→ Work instructions: Your answer should be the lines from the one with "Un service exceptionnel, des" to the end of the data below, both included, exact and free of pictures.

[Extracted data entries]

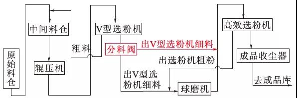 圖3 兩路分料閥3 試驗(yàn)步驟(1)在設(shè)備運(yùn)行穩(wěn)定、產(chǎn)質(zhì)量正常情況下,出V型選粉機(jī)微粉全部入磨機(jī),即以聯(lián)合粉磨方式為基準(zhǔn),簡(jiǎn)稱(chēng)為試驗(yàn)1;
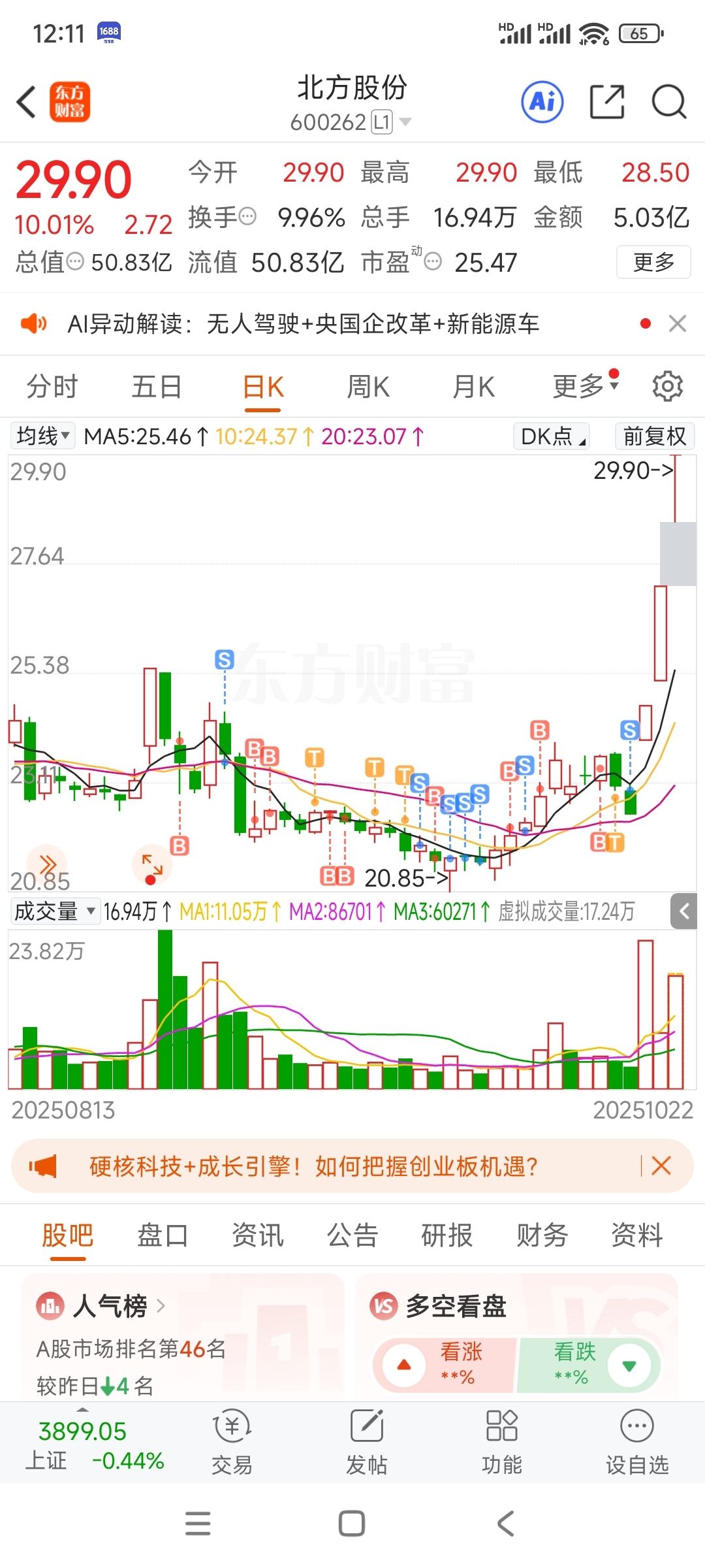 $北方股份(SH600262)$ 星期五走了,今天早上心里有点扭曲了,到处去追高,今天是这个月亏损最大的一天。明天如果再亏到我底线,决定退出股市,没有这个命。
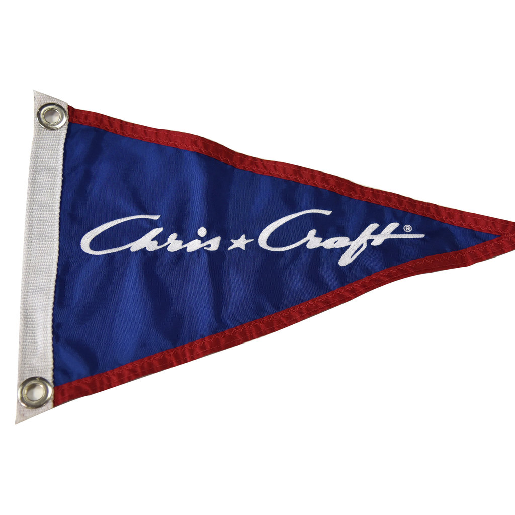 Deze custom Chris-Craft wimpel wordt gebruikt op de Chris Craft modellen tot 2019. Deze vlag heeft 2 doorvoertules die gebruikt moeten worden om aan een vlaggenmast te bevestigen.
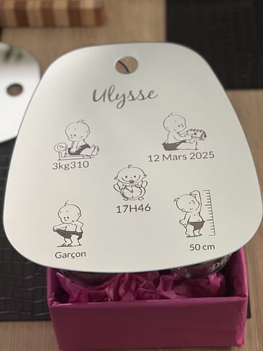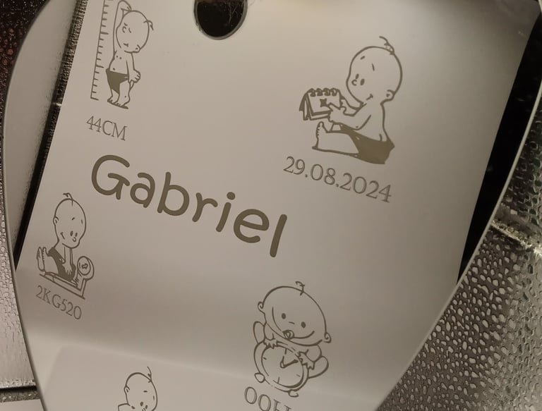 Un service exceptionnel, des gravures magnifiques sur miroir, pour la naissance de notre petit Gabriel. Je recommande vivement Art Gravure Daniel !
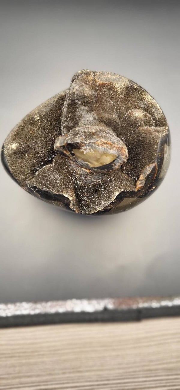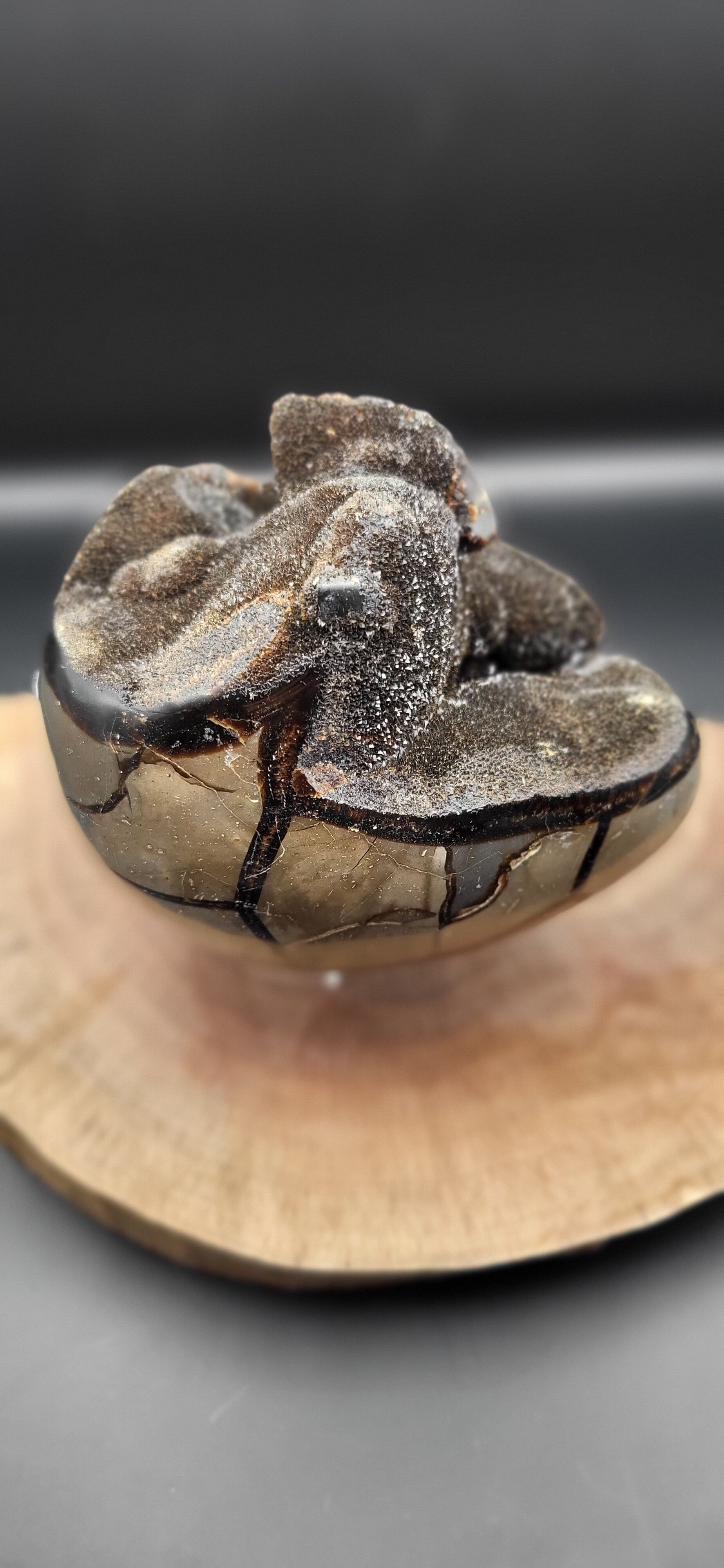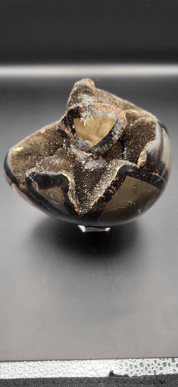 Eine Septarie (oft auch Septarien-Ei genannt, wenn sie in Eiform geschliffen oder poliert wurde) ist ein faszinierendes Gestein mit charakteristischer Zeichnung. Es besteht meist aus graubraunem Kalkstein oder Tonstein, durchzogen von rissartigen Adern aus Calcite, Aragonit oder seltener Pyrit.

→ Result of the exercise:
 Un service exceptionnel, des gravures magnifiques sur miroir, pour la naissance de notre petit Gabriel. Je recommande vivement Art Gravure Daniel !
 Eine Septarie (oft auch Septarien-Ei genannt, wenn sie in Eiform geschliffen oder poliert wurde) ist ein faszinierendes Gestein mit charakteristischer Zeichnung. Es besteht meist aus graubraunem Kalkstein oder Tonstein, durchzogen von rissartigen Adern aus Calcite, Aragonit oder seltener Pyrit.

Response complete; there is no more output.